*Material provided*.
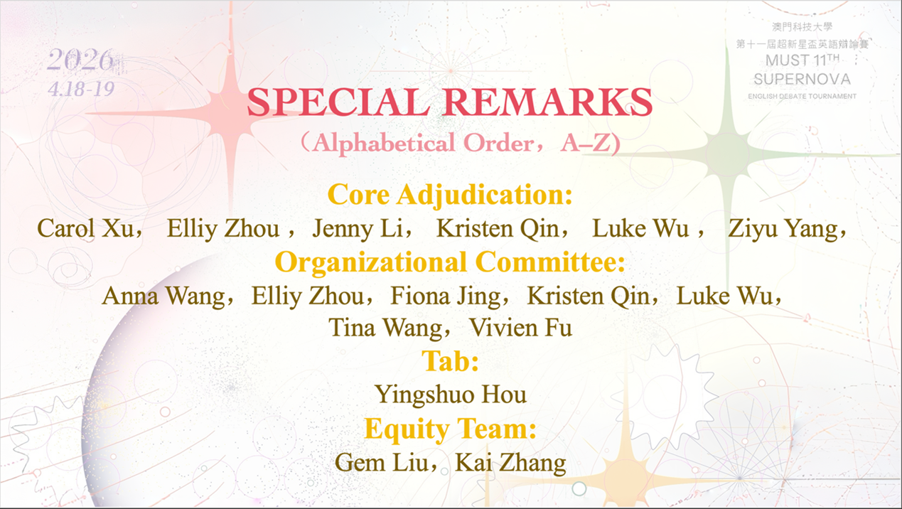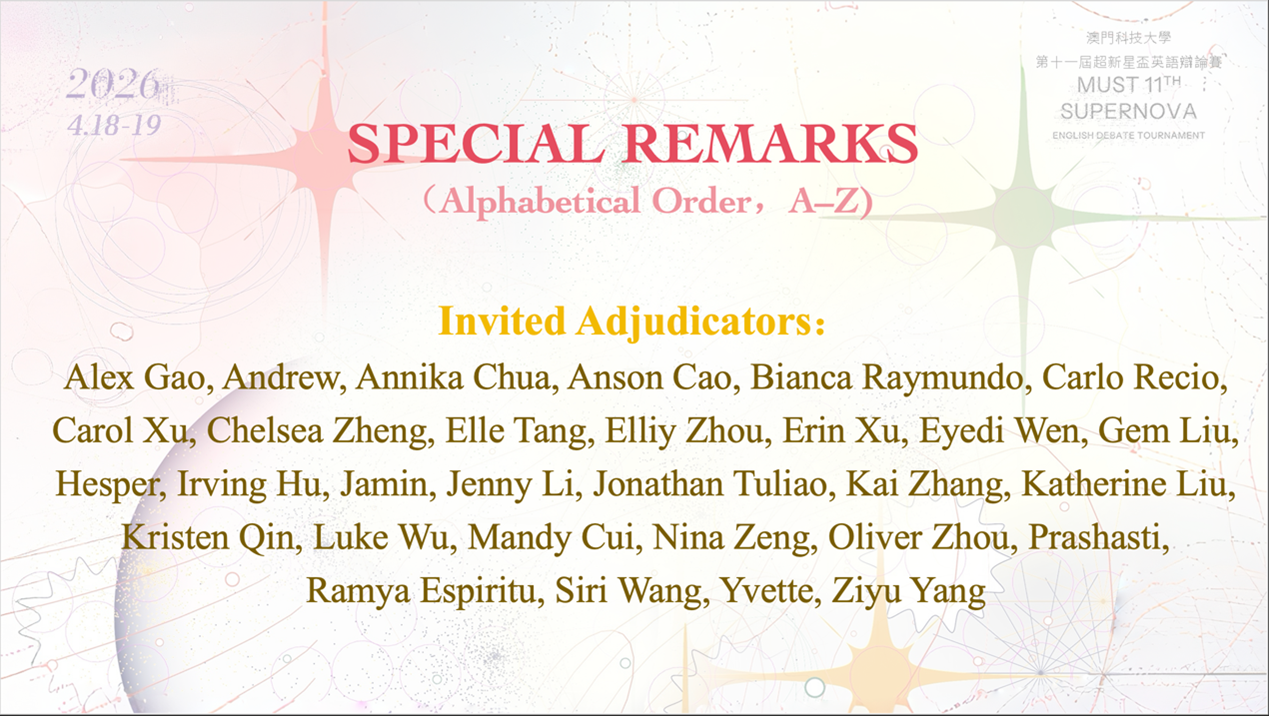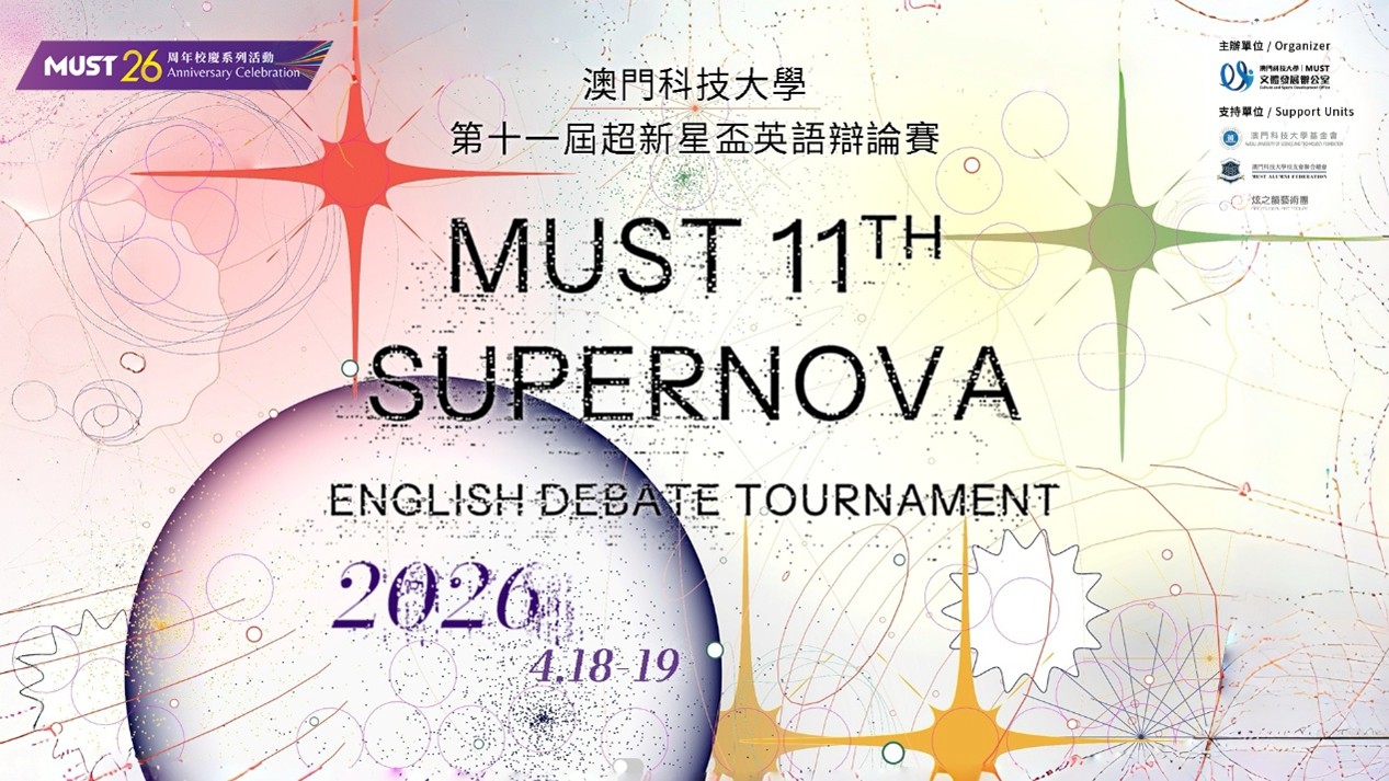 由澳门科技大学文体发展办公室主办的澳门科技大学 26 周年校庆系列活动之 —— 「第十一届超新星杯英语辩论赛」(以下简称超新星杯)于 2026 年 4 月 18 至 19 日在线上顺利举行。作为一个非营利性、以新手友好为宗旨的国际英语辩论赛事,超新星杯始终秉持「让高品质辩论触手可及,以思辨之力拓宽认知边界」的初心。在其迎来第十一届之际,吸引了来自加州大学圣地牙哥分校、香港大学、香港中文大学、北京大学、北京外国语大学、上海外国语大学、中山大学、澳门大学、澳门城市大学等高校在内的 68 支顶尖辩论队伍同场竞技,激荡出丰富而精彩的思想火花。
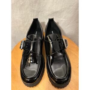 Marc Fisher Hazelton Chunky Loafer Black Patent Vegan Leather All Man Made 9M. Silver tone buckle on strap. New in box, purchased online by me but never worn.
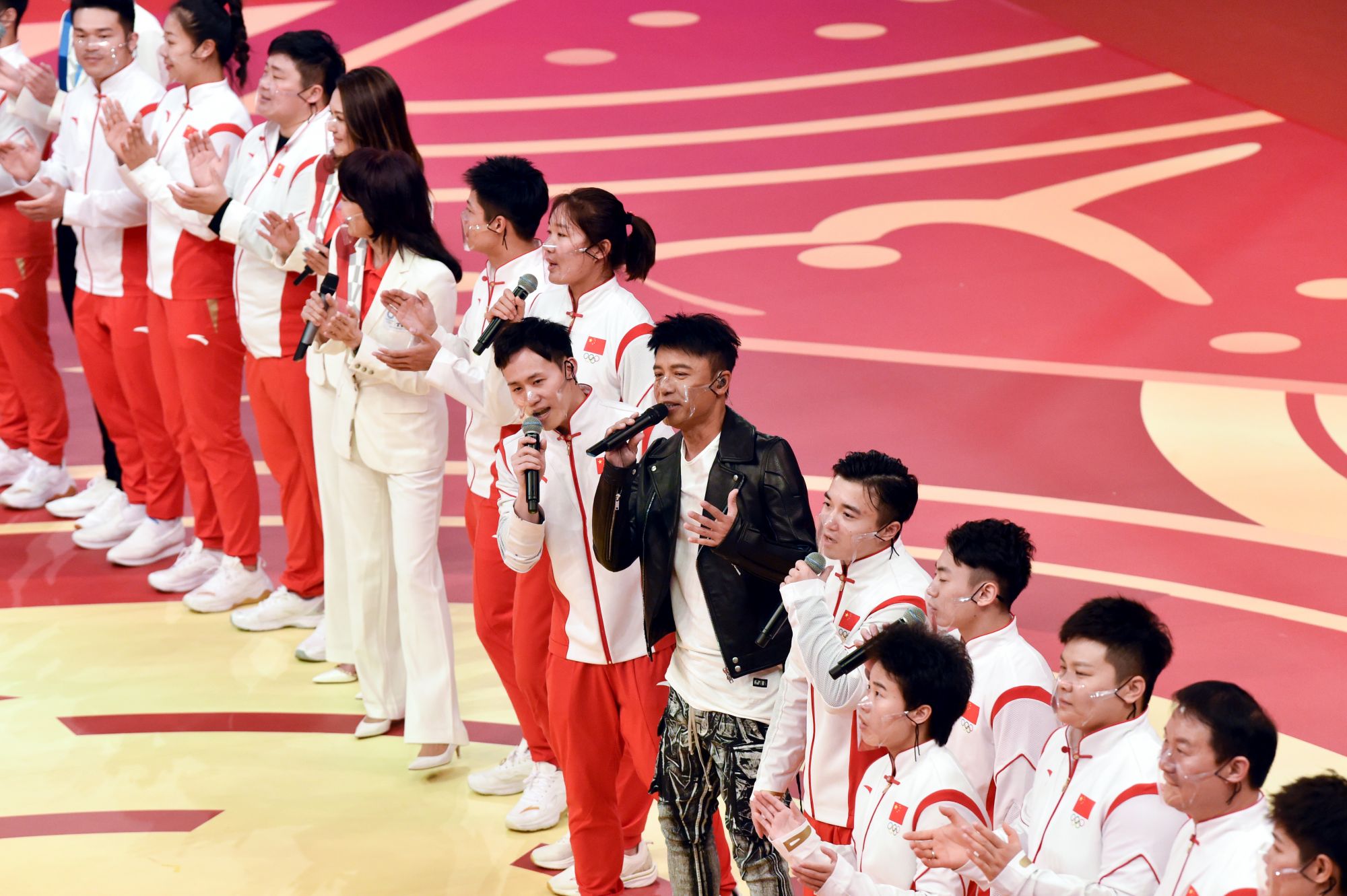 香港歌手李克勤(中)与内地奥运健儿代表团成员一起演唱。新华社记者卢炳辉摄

*Description of the task*.
Each line of the data above should be reproduced without alteration, and no picture should appear in the copy.

*Response area*.
 由澳门科技大学文体发展办公室主办的澳门科技大学 26 周年校庆系列活动之 —— 「第十一届超新星杯英语辩论赛」(以下简称超新星杯)于 2026 年 4 月 18 至 19 日在线上顺利举行。作为一个非营利性、以新手友好为宗旨的国际英语辩论赛事,超新星杯始终秉持「让高品质辩论触手可及,以思辨之力拓宽认知边界」的初心。在其迎来第十一届之际,吸引了来自加州大学圣地牙哥分校、香港大学、香港中文大学、北京大学、北京外国语大学、上海外国语大学、中山大学、澳门大学、澳门城市大学等高校在内的 68 支顶尖辩论队伍同场竞技,激荡出丰富而精彩的思想火花。
 Marc Fisher Hazelton Chunky Loafer Black Patent Vegan Leather All Man Made 9M. Silver tone buckle on strap. New in box, purchased online by me but never worn.
 香港歌手李克勤(中)与内地奥运健儿代表团成员一起演唱。新华社记者卢炳辉摄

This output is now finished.